He would repair my swap meet instruments and refuse my money every time, sometimes even pulling a guitar off the wall (don't tell his grandparents!) and giving it to me just because I was admiring the psychedelic pick guard.
When he was eventually called to go out on the road with Taj Mahal he was in the process of putting a set of small obsidian wind chimes on the inside of my guitar. But luckily for the world that never got completed.

I was always intrigued about how he could physically transform himself, and still does. One day you'd come in and he'd look just like the guy on the Yazzoo record cover, with the cuffed pants and straight back Texas State Prison frizzed hair. The next time you'd come in he'd be wearing a double breasted suit and be the spitting image of a regal Robert Johnson.

He once ran up to me, his eyes really big, and gave me a gift of a photo of just Robert Johnson's hands. From that i knew that he knew where the poetry was. As a thank-you gift I once gave him a series of 78 rpm records of Leadbelly playing the Cajun accordion. It was godhead, but within my circle of friends, there were only a few people that would ever understand that, except Ben.

It took him a while to even tell me he played the guitar, and then he asked me if I'd listen to him. His playing immediately had great sense of a keen observation of the blues masters, like Johnson, John Hurt, and Peetie Wheatstraw.
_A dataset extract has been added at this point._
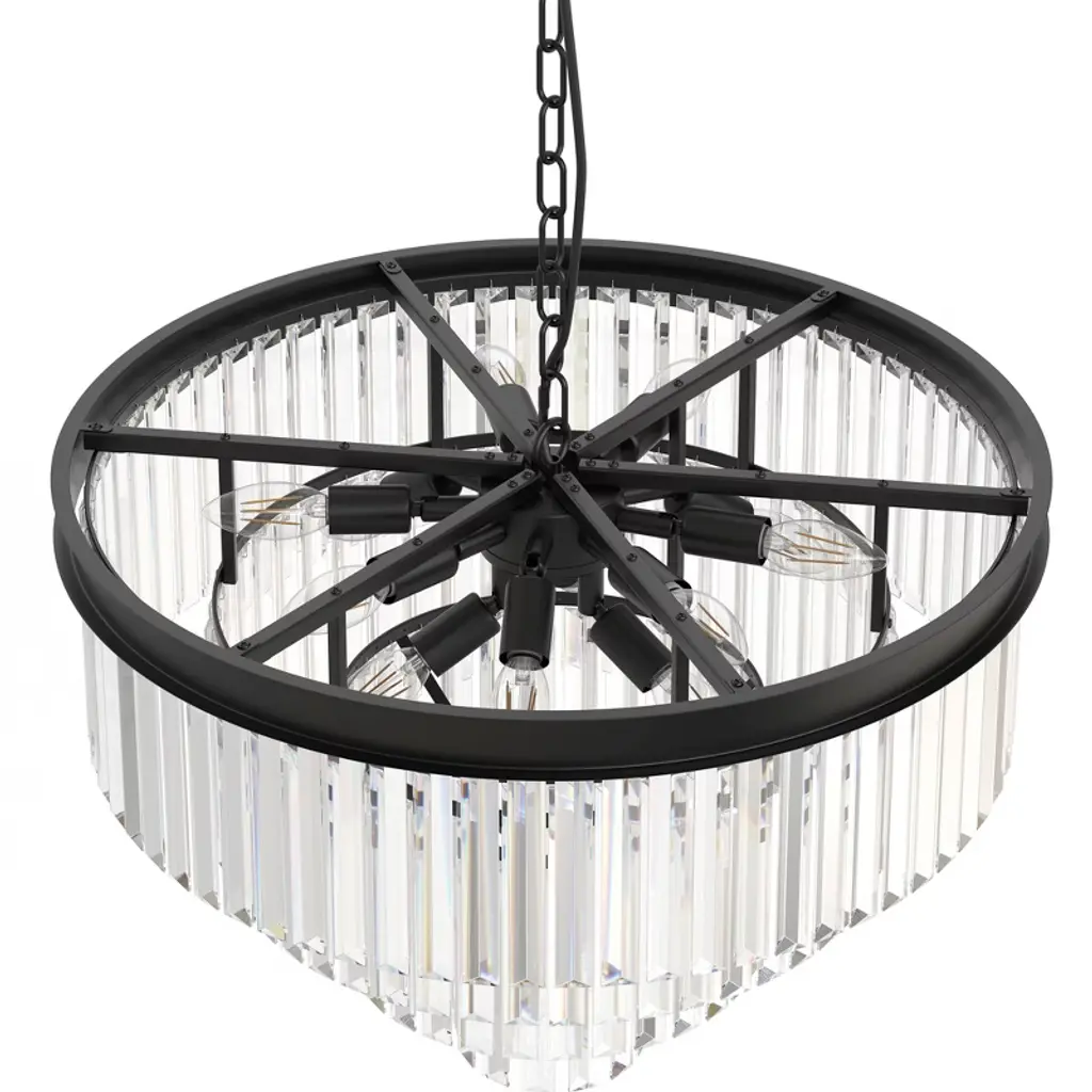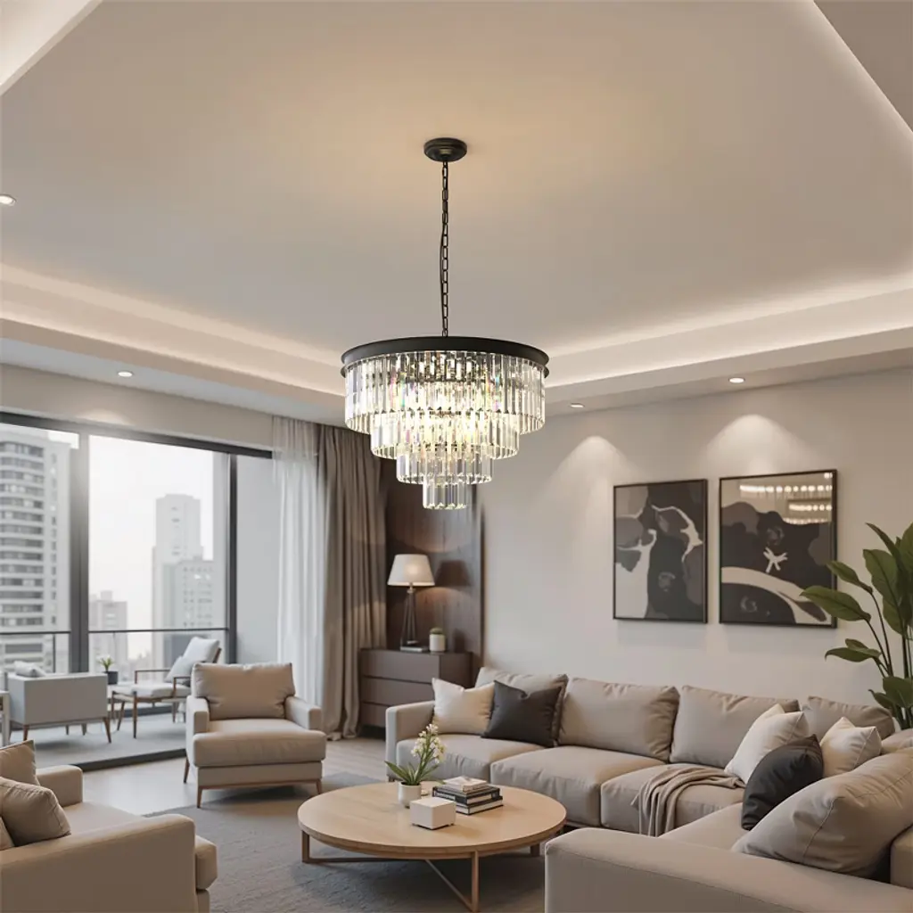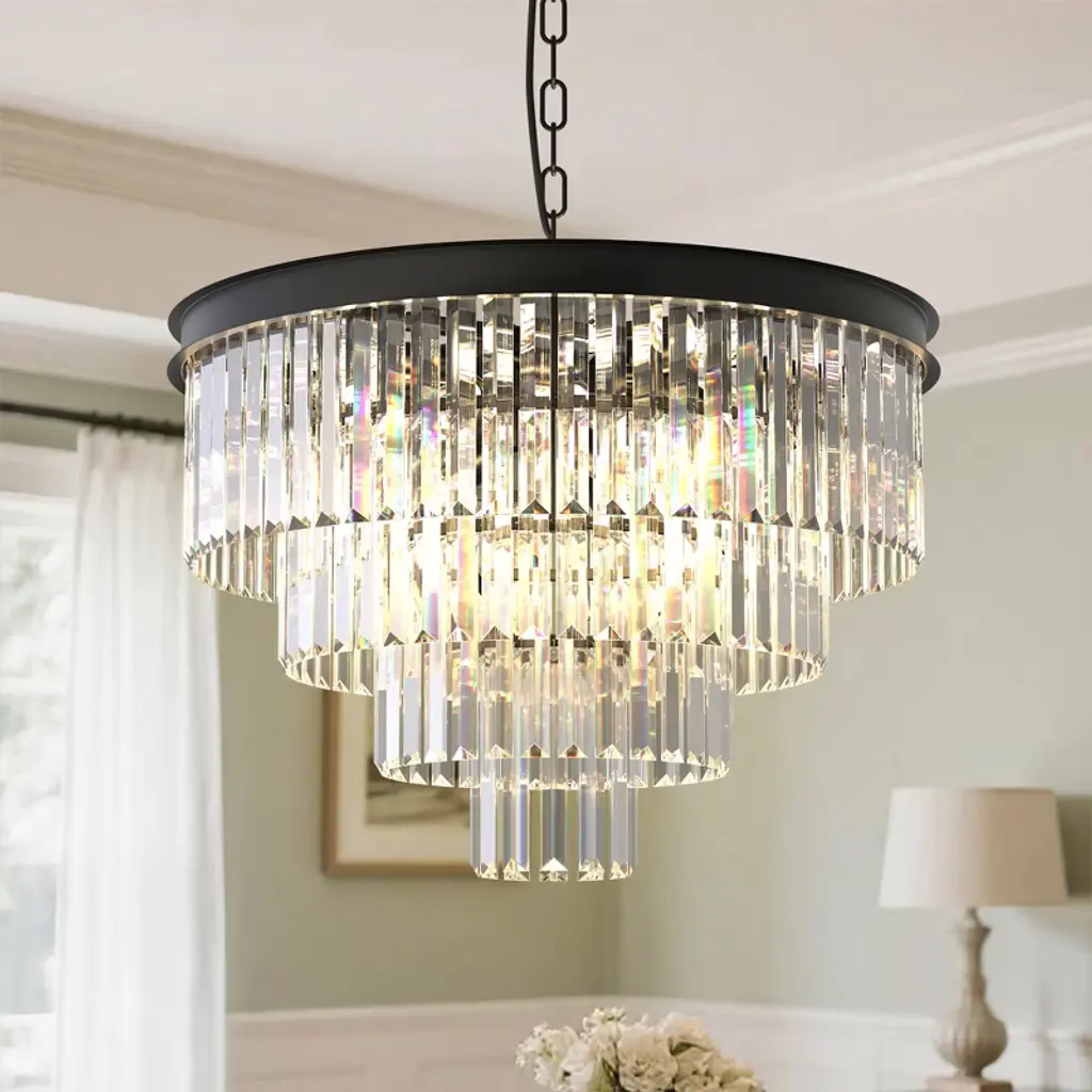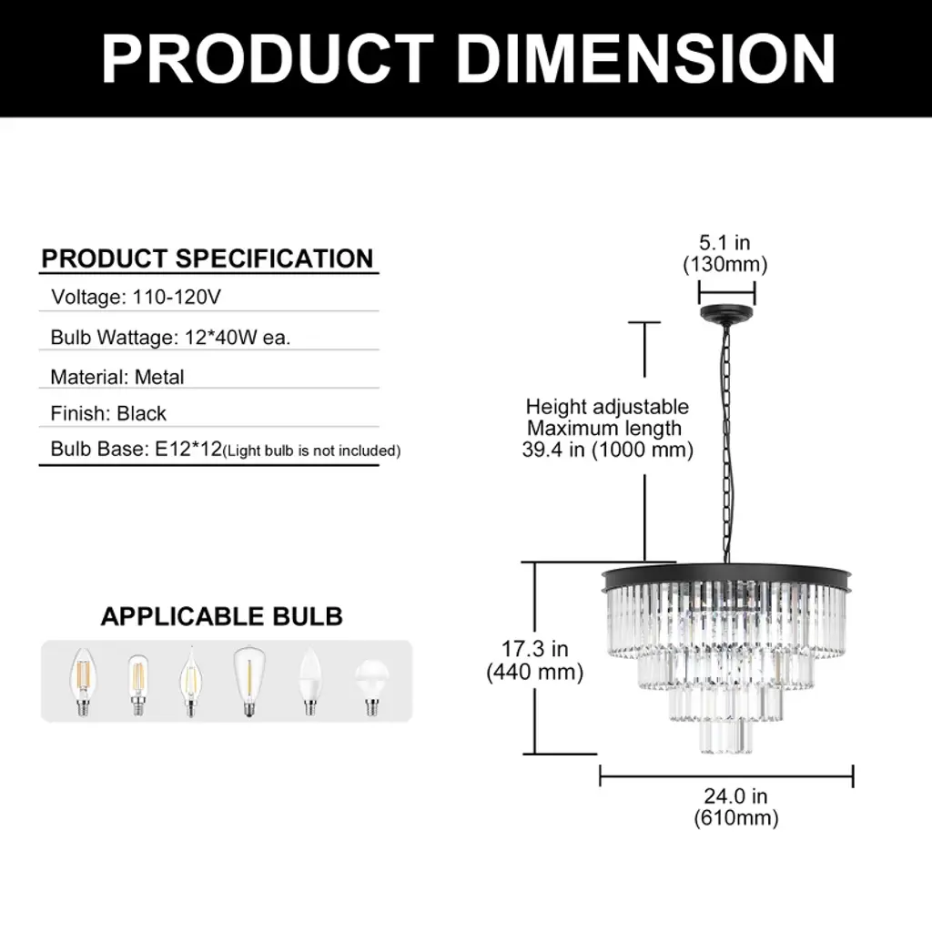 Elevate your home d¨¦cor with this elegant 12-light tiered chandelier featuring a sleek matte black finish and four layers of sparkling triangular crystal strips. With a diameter of 23.6 inches, this chandelier is ideal for creating a dramatic focal point in dining rooms, entryways, or living areas. The non-integrated light source design lets you select bulbs according to your preferred brightness and style (bulbs sold separately). Easy installation is ensured with included mounting hardware. This fixture blends modern sophistication with timeless glamour for a stunning lighting solution.

I was producing a nomadic concert series at the time called The Starvation Cafe (1982-1994) in Fontana, California and suggested that we document his playing with a concert and a live recording. I think that might be one of his first adventures into the elevated stage light, as rickety as it might have been. He was already pretty well realized, and that is what I look for, not someone I can shape, but someone I can help just by naturally being. He worked for me under three different ensembles, first was Thirsty Dog (a blues based group), second The Benouds of Mighty Ivory (a middle eastern slide guitar group), and lastly under his own name, in which he was already performing his own compositions like pleasure and pain.

All of us musicians in the Inland Empire (Lindley, Darrow, York, etc.) are very proud of his recent accomplishments, and feel, as he himself I'm sure does, that he takes a little bit of us on his adventures. I joke with him, because every time we talk, he's either in France, or Guam, or Australia, that he needs to get his time machine fixed, because he seems to be just popping up everywhere, while I just sit at home and eat toast.

He has handled his success with much grace and dignity (which we all greedily think reflects on us of course) and now after his five albums with Virgin Records he has certainly etched his historic and social conscious place as a musical veteran on a global level."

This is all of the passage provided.